*** Block opens ***
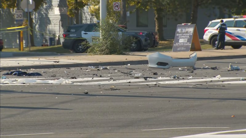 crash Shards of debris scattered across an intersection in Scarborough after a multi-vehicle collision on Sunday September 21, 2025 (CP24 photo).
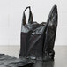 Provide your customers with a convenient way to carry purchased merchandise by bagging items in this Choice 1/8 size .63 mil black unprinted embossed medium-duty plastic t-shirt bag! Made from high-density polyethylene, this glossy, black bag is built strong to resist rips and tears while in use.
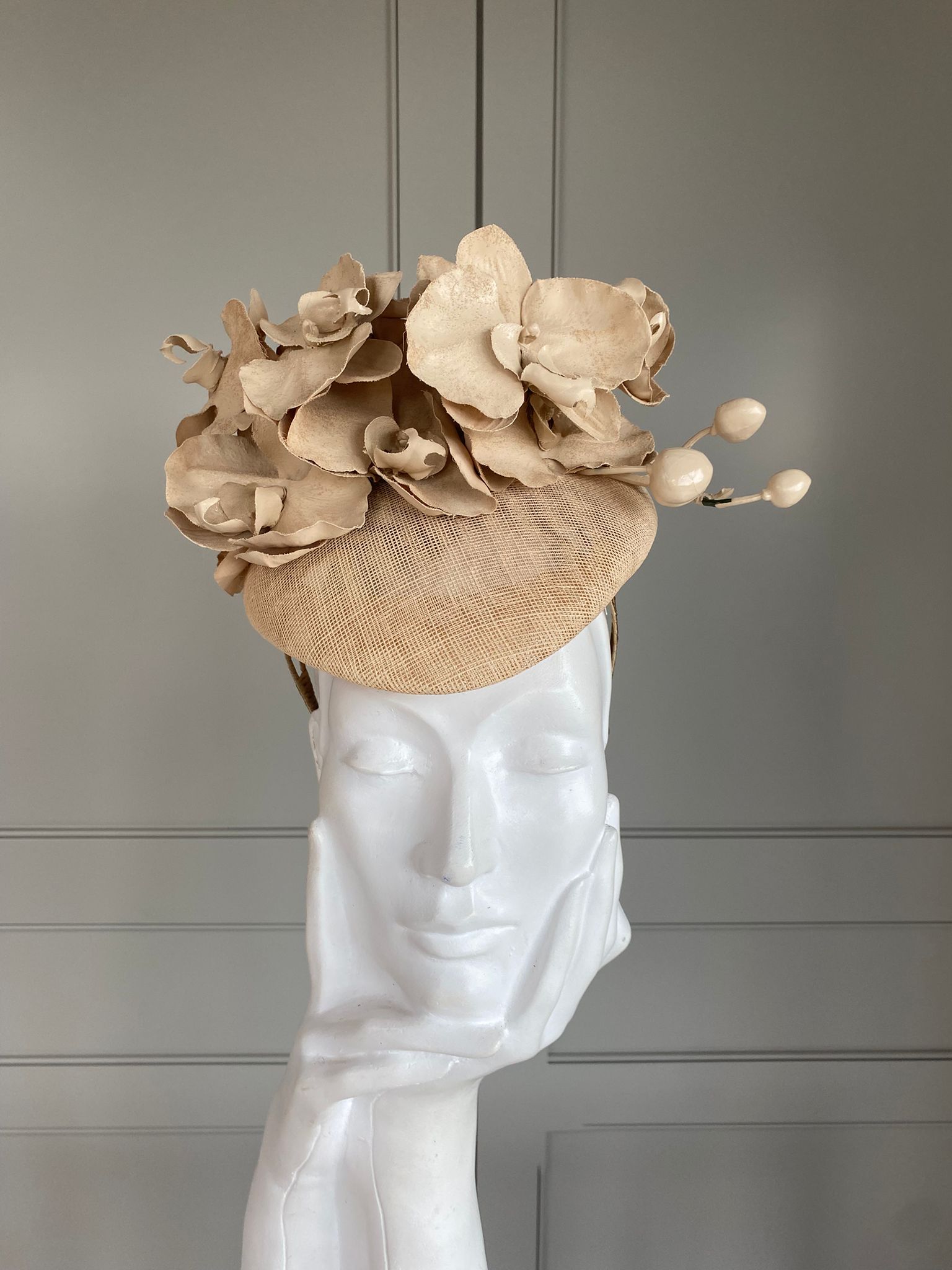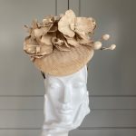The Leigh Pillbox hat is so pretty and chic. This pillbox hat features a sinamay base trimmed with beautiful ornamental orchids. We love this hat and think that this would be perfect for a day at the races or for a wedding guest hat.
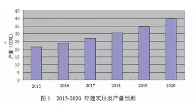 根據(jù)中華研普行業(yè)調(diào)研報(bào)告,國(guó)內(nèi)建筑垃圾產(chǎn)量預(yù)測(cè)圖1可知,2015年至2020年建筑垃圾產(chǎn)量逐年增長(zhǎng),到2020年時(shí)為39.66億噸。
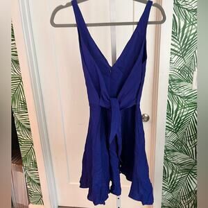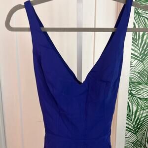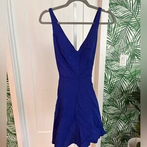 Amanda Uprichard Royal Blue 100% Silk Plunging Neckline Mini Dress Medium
*** Block closes ***
* [Directions]: Retype each of the entries above exactly as it appears, with no pictures.

* [Response box]:
 crash Shards of debris scattered across an intersection in Scarborough after a multi-vehicle collision on Sunday September 21, 2025 (CP24 photo).
 Provide your customers with a convenient way to carry purchased merchandise by bagging items in this Choice 1/8 size .63 mil black unprinted embossed medium-duty plastic t-shirt bag! Made from high-density polyethylene, this glossy, black bag is built strong to resist rips and tears while in use.
The Leigh Pillbox hat is so pretty and chic. This pillbox hat features a sinamay base trimmed with beautiful ornamental orchids. We love this hat and think that this would be perfect for a day at the races or for a wedding guest hat.
 根據(jù)中華研普行業(yè)調(diào)研報(bào)告,國(guó)內(nèi)建筑垃圾產(chǎn)量預(yù)測(cè)圖1可知,2015年至2020年建筑垃圾產(chǎn)量逐年增長(zhǎng),到2020年時(shí)為39.66億噸。
 Amanda Uprichard Royal Blue 100% Silk Plunging Neckline Mini Dress Medium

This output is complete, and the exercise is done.